Furthermore, since the recording layer is easily influenced by the outside world, it is necessary to protect it from the outside world. As an optical disc having such an excellent protection function for the recording layer, an optical disc having a linear sandwich structure has been known. However, the air sandwich structure optical disk has many disadvantages in the manufacturing process, such as high cost and many and complicated steps.

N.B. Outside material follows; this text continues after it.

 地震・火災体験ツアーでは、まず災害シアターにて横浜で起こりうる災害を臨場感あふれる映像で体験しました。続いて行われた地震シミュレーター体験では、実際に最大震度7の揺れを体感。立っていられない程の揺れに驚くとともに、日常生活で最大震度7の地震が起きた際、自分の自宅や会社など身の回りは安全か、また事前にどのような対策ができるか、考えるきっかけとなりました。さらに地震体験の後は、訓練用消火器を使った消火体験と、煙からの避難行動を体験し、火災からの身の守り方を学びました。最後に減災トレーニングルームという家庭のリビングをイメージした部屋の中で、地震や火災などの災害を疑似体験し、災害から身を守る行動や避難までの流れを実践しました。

For this reason, in recent years, a technology has been developed to bond a disk-shaped protective resin film to the side of the substrate where the recording layer is provided.
This method is disclosed in Japanese Utility Model Publication No. 9-36339, Japanese Utility Model Application Publication No. 175427/1983, and the like. The above publication states that in addition to its protective function, the resin film also has functions such as supplying oxygen and diffusing vaporized gas necessary when forming bits, etc., thereby suppressing the energy of laser light during recording. It is said that it can be done.

However, the surrounding environment in which optical discs are used is
Various conditions in temperature and humidity are possible. For example, under harsh conditions of high temperature and high humidity, even an information recording medium whose recording layer is protected by the resin film described above cannot be said to be sufficiently protected. That is, many of the above-mentioned resin films generally absorb and permeate water vapor, oxygen, etc. relatively well. Therefore, even if the recording layer is protected by such a resin film, the recording layer will be oxidized by water vapor, oxygen, etc. that penetrate through the resin film, resulting in corrosion, and in the worst case, This results in a situation where the recording layer peels off from the substrate. Therefore, it cannot be said that the resin film described above sufficiently fulfills the protective function of the optical disc.

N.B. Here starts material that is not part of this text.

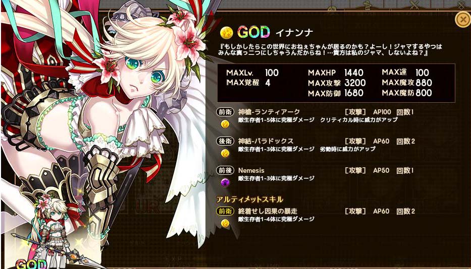 イナンナ。課金ガチャGODだけど、スキル見てびっくり。5体に究極、 後衛からも究極。究極即死祭り。 サービス開始早々壊れカード出すのやめたほうがいいよ。過疎るから。 さて、気を取り直して「攻撃力と与ダメの関係」を検証しました。 攻撃力2万、mobはギルド5階 本体 6501-6619-6185=平均6435 雑魚 5603-6228-5715-6323-5775-6274=平均5986 攻撃力1万、mobはギルド5階 本体-2047-2039-2156=平均2080

[Object of the Invention] An object of the present invention is to provide an information recording medium with excellent durability in which the recording layer and the like are not corroded even under harsh environments such as high temperature and high humidity.

[Summary of the Invention] The present invention provides an inner non-recording area and an outer non-recording area in which a hole is provided at the center and a recording layer is set outside the periphery of the hole and inside the outer periphery, respectively. A flexible disc-shaped resin film with a hole in the center is placed on the recording layer side surface of a disc-shaped resin substrate provided in an area other than the non-recording area on the inner and outer periphery sides of the resin substrate. The resin film has an oxygen permeability of 0. 1 g/m'-24 hours-at
m, has the following value, and has a water vapor permeability of 1.0 g
The information recording medium is characterized in that it is a resin film having a value of / m 2 ·24 hours or less.

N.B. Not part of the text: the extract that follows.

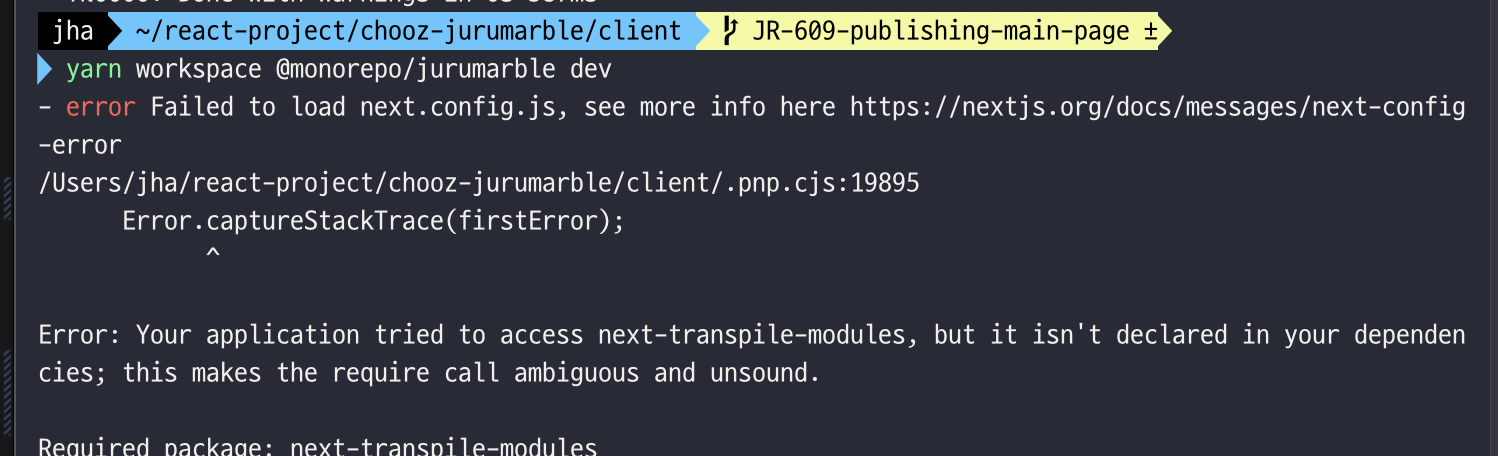 위 에러는 next-transpile-modules 디펜던시를 추가하여 해결하였다.

Preferred embodiments of the information recording medium of the present invention are as follows.

(1) The oxygen permeability of the resin film is 0.0137m
2-24 hours - atm, the above-mentioned information recording medium characterized in that the value is below.

(2) The water vapor permeability coefficient of the resin film is 0.5 g/
The above-mentioned information recording medium is characterized in that the value is less than or equal to m2.24 hours.

(3) The thickness of the resin film is 0.01 to 3 m.
The above-mentioned information recording medium is characterized in that the information recording medium is in the range of m.

(4) The information recording medium, wherein the resin film is at least one resin film selected from the group of moisture-proof cellophane, polyvinyl chloride, polyvinylidene chloride, fluororesin, polyvinyl chloride fluoride, and polypropylene. .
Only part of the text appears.